Task: Compute byte frequency counts

Input: array of bytes of length n

**Output**: 256 element array of integers containing number of occurrences of each byte

Naive: build output in global memory, n global stores

**Smart**: build output in shared memory, copy to global memory at end, 256 global stores

#### **Computational Intensity**

Computational intensity is a representation of how many operations must be done on a single data point (FLOPs / IO)

- → Vaguely similar to the big O notation in concept and usage
  - Matrix multiplication: n^3 / n^2 = n
  - n-body simulation: n^2 / n = n

If computational intensity is > 1, then same data used in more than 1 computation

→ Do as few global loads and as many shared loads as possible

#### A common pattern in kernels

- (1) copy from global memory to shared memory
- (2) \_\_syncthreads()
- (3) perform computation, incrementally storing output in shared memory,
- (4) \_\_syncthreads()
- (5) copy output from shared memory to output array in global memory

#### **Bank conflicts**

Shared memory is setup as 32 banks

→ If you divide the shared memory into 4 byte-long elements, element i lies in bank i % 32.

A bank conflict occurs when 2 threads in a warp access different elements in the same bank.

- → Bank conflicts cause serial memory accesses rather than parallel
- → Serial anything in GPU programming = bad for performance

#### Bank conflicts and strides

Stride is the distance from thread i access to thread i + 1 access

Stride 1  $\Rightarrow$  32 x 1-way "bank conflicts" (so conflict-free) Stride 2  $\Rightarrow$  16 x 2-way bank conflicts Stride 3  $\Rightarrow$  32 x 1-way "bank conflicts" (so conflict-free) Stride 4  $\Rightarrow$  8 x 4-way bank conflicts

Stride  $32 \Rightarrow 1 \times 32$ -way bank conflict

. . .

#### No bank conflict

Linear addressing stride == 1



#### Random 1:1 Permutation



#### Bank conflict

Linear addressing stride == 2



Linear addressing stride == 8



#### Padding to avoid bank conflicts

To fix the stride 32 case, waste a byte on **padding** and make the stride 33

Don't store any data in slots 32, 65, 98, ....

Now we have

- → thread  $0 \Rightarrow$  index 0 (bank 0)
- → thread 1  $\Rightarrow$  index 33 (bank 1)
- → thread i  $\Rightarrow$  index 33 \* i (bank i)

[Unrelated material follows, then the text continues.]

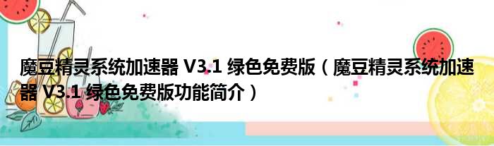 魔豆精灵系统加速器 V3.1 绿色免费版(魔豆精灵系统加速器 V3.1 绿色免费版功能简介)

#### Shared memory bank conflicts

Shared memory is as fast as registers if there are no bank conflicts

- → The fast case
  - If all threads of a half-warp access different banks, there is no bank conflict
  - If all threads of a half-warp access the identical address, there is no bank conflict (broadcast)
- → The slow case
  - Bank Conflict: multiple threads in the same half-warp access the same bank
- → Must serialize the accesses
- → Cost = max # of simultaneous accesses to a single bank
- → Each bank has a bandwidth of 32 bits per clock cycle, 32 bits successive words are addressed to successives banks (32 on modern GPU)

#### Registers

A Register is a piece of memory used directly by the processor

- → Fastest "memory" possible, about 10x faster than shared memory ∘ There are tens of thousands of registers in each SM
- → Generally works out to a maximum of 32 or 64 32-bit registers per thread
- → Most stack variables declared in kernels are stored in registers
  - example: float x;

Statically indexed arrays stored on the stack are sometimes put in registers.

#### Local memory

- → Local memory is everything on the stack that can't fit in registers
- $\rightarrow$  The scope of local memory is just the thread.
- → Local memory is stored in global memory much slower than registers

## **Constant Memory**

Constant memory is global memory with a special cache

- → Used for constants that cannot be compiled into program
- → Constants must be set from host before running kernel.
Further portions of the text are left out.